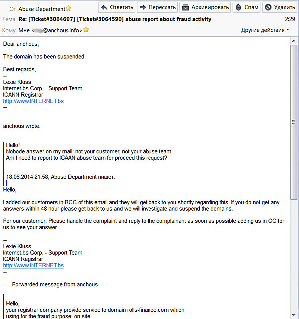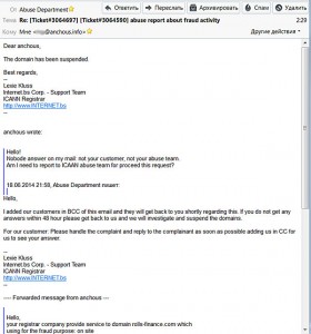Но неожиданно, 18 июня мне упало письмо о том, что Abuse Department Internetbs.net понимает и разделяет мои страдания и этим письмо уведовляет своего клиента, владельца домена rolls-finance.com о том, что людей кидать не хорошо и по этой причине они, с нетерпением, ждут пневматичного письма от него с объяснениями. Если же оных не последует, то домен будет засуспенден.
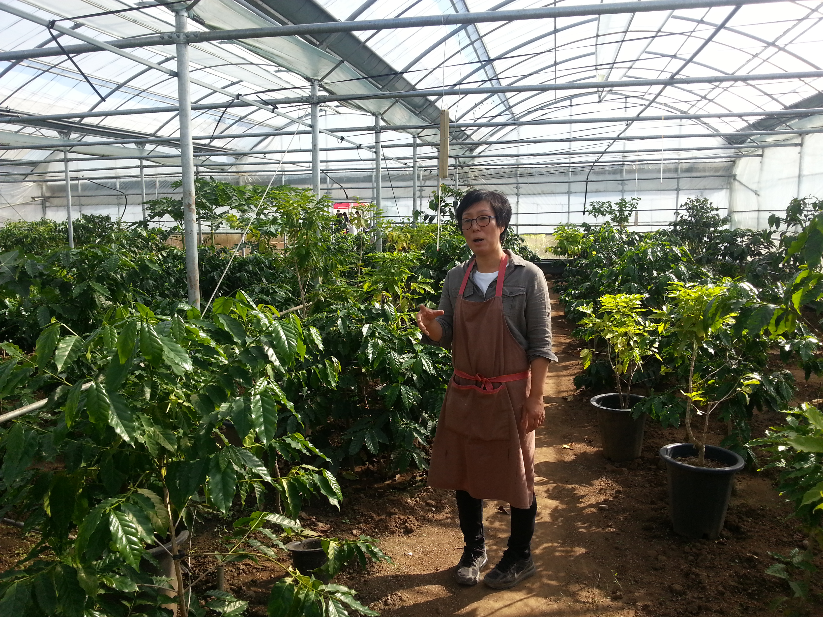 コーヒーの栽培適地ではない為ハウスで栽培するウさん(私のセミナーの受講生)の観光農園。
---
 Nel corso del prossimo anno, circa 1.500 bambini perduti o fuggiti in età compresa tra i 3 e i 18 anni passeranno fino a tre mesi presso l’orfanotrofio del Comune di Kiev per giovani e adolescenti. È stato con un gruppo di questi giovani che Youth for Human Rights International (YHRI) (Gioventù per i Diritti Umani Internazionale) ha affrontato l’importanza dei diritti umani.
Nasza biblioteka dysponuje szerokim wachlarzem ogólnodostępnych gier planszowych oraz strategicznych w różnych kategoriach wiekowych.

> **THE PROBLEM**
From the data above, return only the lines starting at the line that holds "Но неожиданно, 18" and ending at the line that holds "コーヒーの栽培適地ではない為", word for word and without pictures.

> **RESPONSE**
Но неожиданно, 18 июня мне упало письмо о том, что Abuse Department Internetbs.net понимает и разделяет мои страдания и этим письмо уведовляет своего клиента, владельца домена rolls-finance.com о том, что людей кидать не хорошо и по этой причине они, с нетерпением, ждут пневматичного письма от него с объяснениями. Если же оных не последует, то домен будет засуспенден.
 コーヒーの栽培適地ではない為ハウスで栽培するウさん(私のセミナーの受講生)の観光農園。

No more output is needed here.